Friday, 8 July 2011

The Space Shuttled


Today, the last Space Shuttle flight was launched, and a lot of people are mourning.

Well, I’m not among them.

The Shuttle isn’t, contrary to much uninformed opinion, the Greatest Thing Ever Built, or a testimony to American prowess. It’s also not as though no other nation had the technology to construct a space shuttle. So why didn’t they?

Here’s why: the Shuttle was always a propaganda device, a ridiculously uneconomical ego trip.

The reason no other nation built a working shuttle was simply because it was so expensive. The USSR constructed one, the Buran, used it on a test flight, safely recovered it, considered the costs and abandoned it. The vast majority of space launches, both manned and unmanned, during the Shuttle era remained disposable rockets like the European Space Agency’s Ariane and the Russian, Chinese, Indian and Japanese space programmes.

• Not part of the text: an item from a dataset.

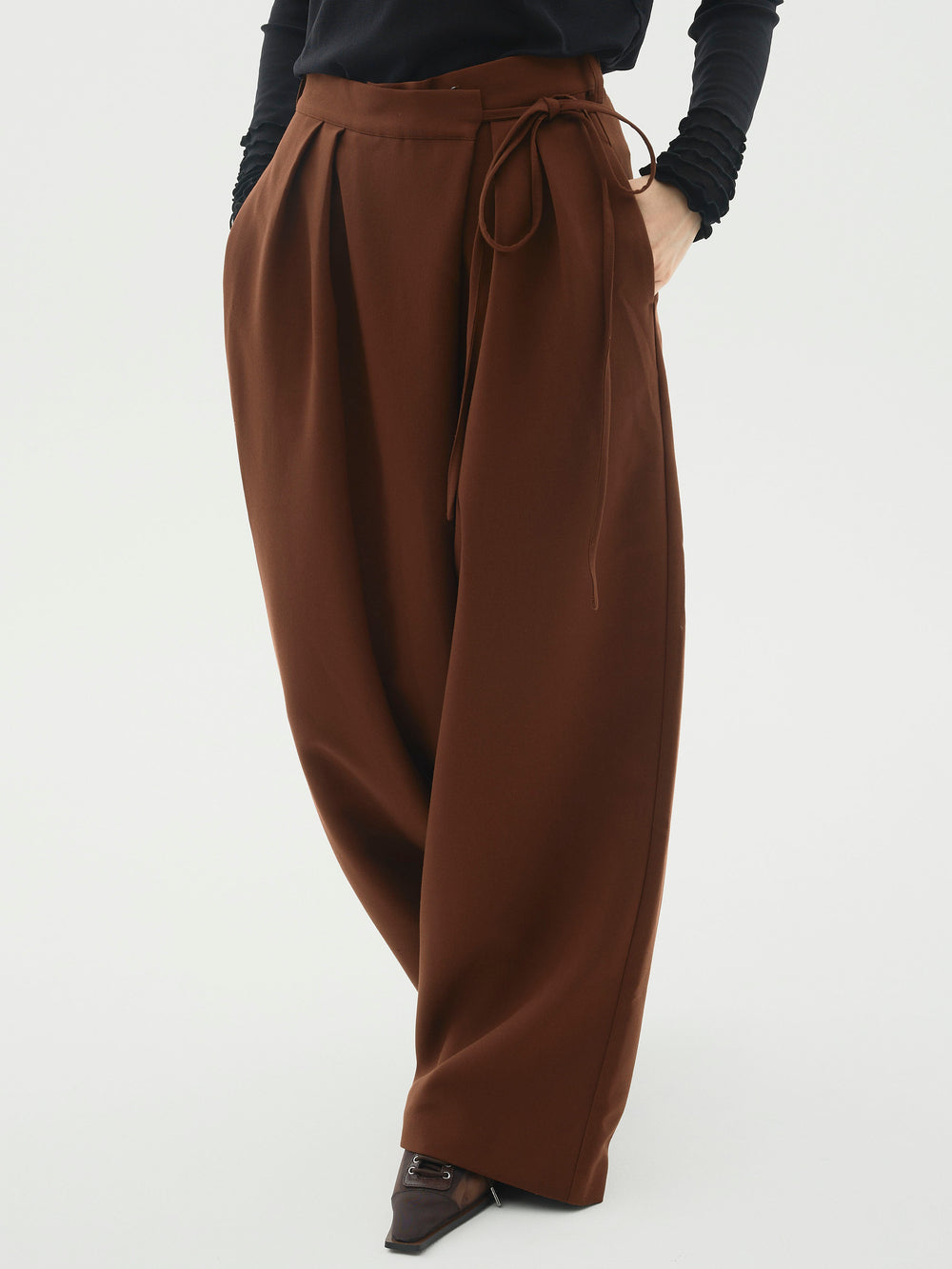 [予約]ラップデザインタックワイドパンツ/ブラウン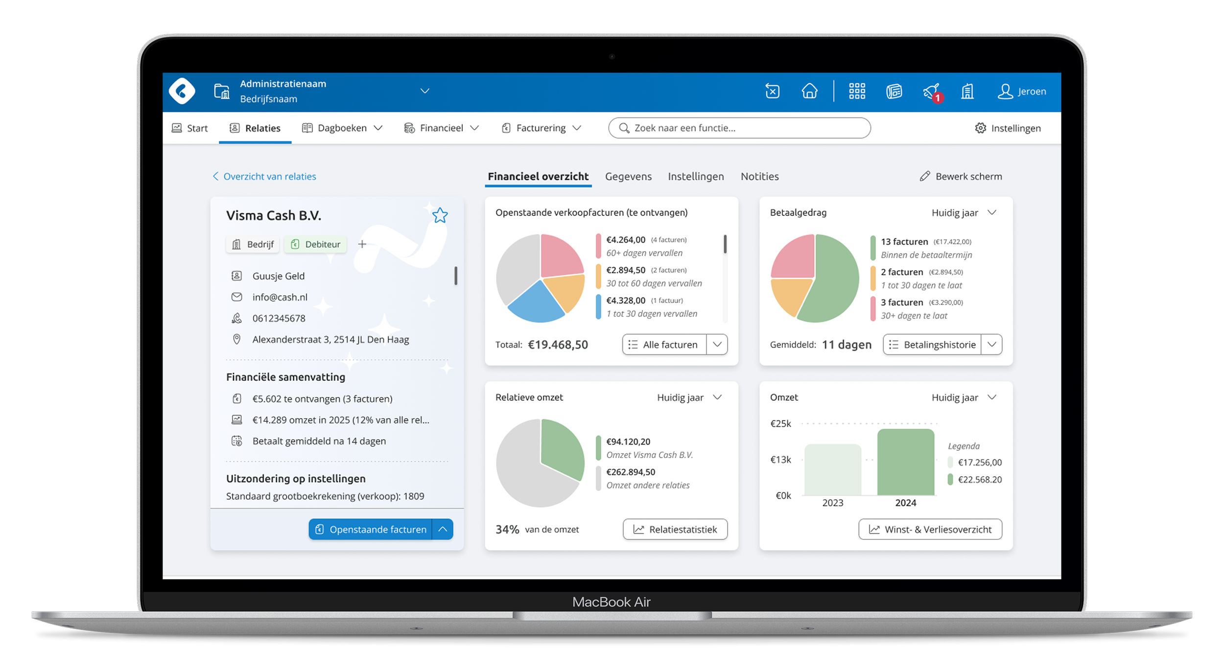 Viewing a contact of your company. Essential information and call-to-action button in a fixed container. Focus on financial insight widgets. Information and settings found in different tabs.

Nor is the Shuttle anything like safe. Compared to disposable spaceships, the Shuttle has a woeful safety record; recall how the Challenger was destroyed by a fuel pipeline leak and the Columbia by a couple of loose tiles, and how every launch since has had people at NASA in palpitations.

Notice that while the Shuttle has been deep-sixed, the old Russian Soyuz continues as the backbone of the manned space programme, and will for the forseeable future. With non-military NASA budgets dropping by the day, I for one won’t hold my breath about a successor anytime soon, not unless it’s capable of bombing innocent nations halfway round the planet from up in orbit.

Unsafe and horrendously expensive, not to forget merely a political statement, good riddance, Shuttle. 

I for one won’t miss you.


4 comments:

  1. Yeah; the Shuttle was probably the Yugo of space flight, bred with an Edsel Citation for 'bling' factor and bulk - I've seen a Shuttle close-up, and the thing looks (as was said about the Yugo) as if large parts of it were assembled at gunpoint.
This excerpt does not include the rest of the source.